The exposure distribution is strongly skewed (skewness = 3.6), which reduces the capability of the GAM model to predict the less frequent high exposure episodes. The physical properties of the black carbon measurements result in small residuals for low BC values. By applying a weighting function (WBC) for both low and high BC values, the model becomes more sensitive to the low and high exposure values. The resulting variant of the model BC_LAG60_WBC shows a stronger deviance explained compared to the BC_LAG60 model (last row in Table 2
). The model fit strength was tested by evaluating the total and average trip exposure prediction versus the measured BC trip exposure, aggregated by trip (Figure 1
The total trip exposure prediction is strong (r2
= 0.89, slope = 0.88); on the average trip exposure, the fit is somewhat lower (r2
= 0.73 and slope = 0.63). The automatic use of criteria as AIC for selecting models has been reported previously to be potentially misleading [30
]. The reduction of AIC for BC_LAG60_WBC is compensated in the model fit evaluation by improving the slope for the average trip exposure from 0.50–0.63 and deviance explained from 39.1–46.9%. All models in the next sections will be based on the LAG60 exposure dataset with weight WBC.

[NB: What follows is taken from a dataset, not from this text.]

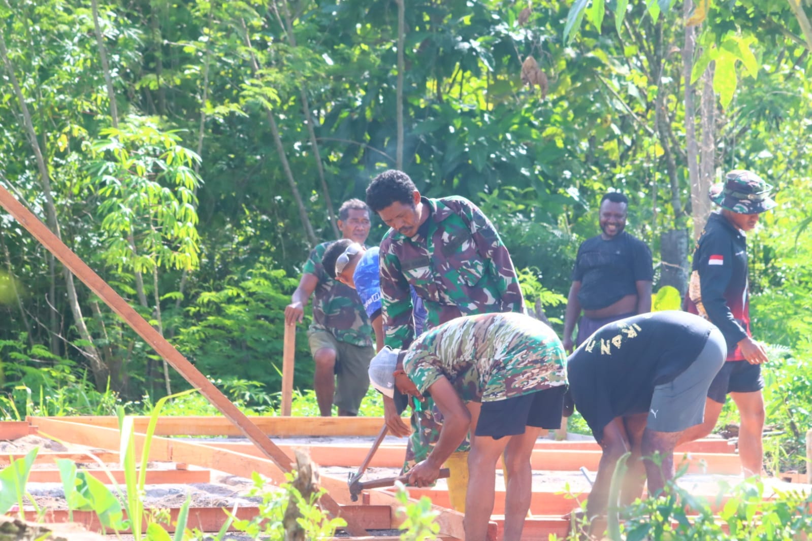 Semangat gotong royong juga ditunjukkan oleh Yulianus yang turut terlibat langsung dalam proses pembangunan rumahnya. Kebersamaan ini menjadi wujud nyata kemanunggalan TNI dengan rakyat yang terus terjaga.

3.2. Non-Linear In-Vehicle Exposure Characteristics
In this section, we present the non-linear aspects of all covariates. The aim is to illustrate the variability in the measurements and map the specific non-linear characteristics of all the covariates to the potential origin of the in-vehicle exposure variation (see Figure 2
). The hourly traffic counts and noise attribution are presented within a single model to illustrate the relative behavior and strength. Other interactions between other sets of covariates exist, as well, but they are only described in a qualitative manner. The diurnal pattern of log (BC) is fitted by using the hour of the day as a covariate, referred to as HourOfDay. The GAM summary statistics are available in Supplementary Data Table S1
The relative speed (actual speed divided by the local speed limit) shows a maximum below 0.5. The peak can be related to dynamic traffic with starts and stops and/or congested traffic. Short distances between vehicles in such traffic conditions result in higher in-vehicle concentrations. The drop-off at low relative speed indicates actual stops or congestion with idling vehicles. This idling effect was also visible for bicyclists in Bangalore, India [33
]. The acceleration is the weakest covariate and is numerically highly sensitive to the quality of the GPS readings, but behaves as expected; increased levels when accelerating and decreased levels with moderated deceleration. Strong deceleration, related to actual stops in traffic, shows high variability, which can be due to the short distance to the source when waiting and idling in a queue at a traffic light. The bulk of the data show little to no acceleration and this is reflected in the very low strength of the covariate. The actual speed shows higher values at low speeds and lower values at low speed. The increased levels at low speed can find their origin in congested traffic, as well. The reduction of in-vehicle exposure at high speeds could be linked to the higher efficiency of the ventilation systems at higher speeds as mentioned by Xu [15
]. Higher speeds also occur in free flow traffic with higher distances between the vehicles. Other interactions with other covariates are evident; the actual speed does for example also relate to the type of road travelled. The absolute speed is lower in strength compared to relative speed, expressing the complex interactions between vehicle speed and traffic dynamics.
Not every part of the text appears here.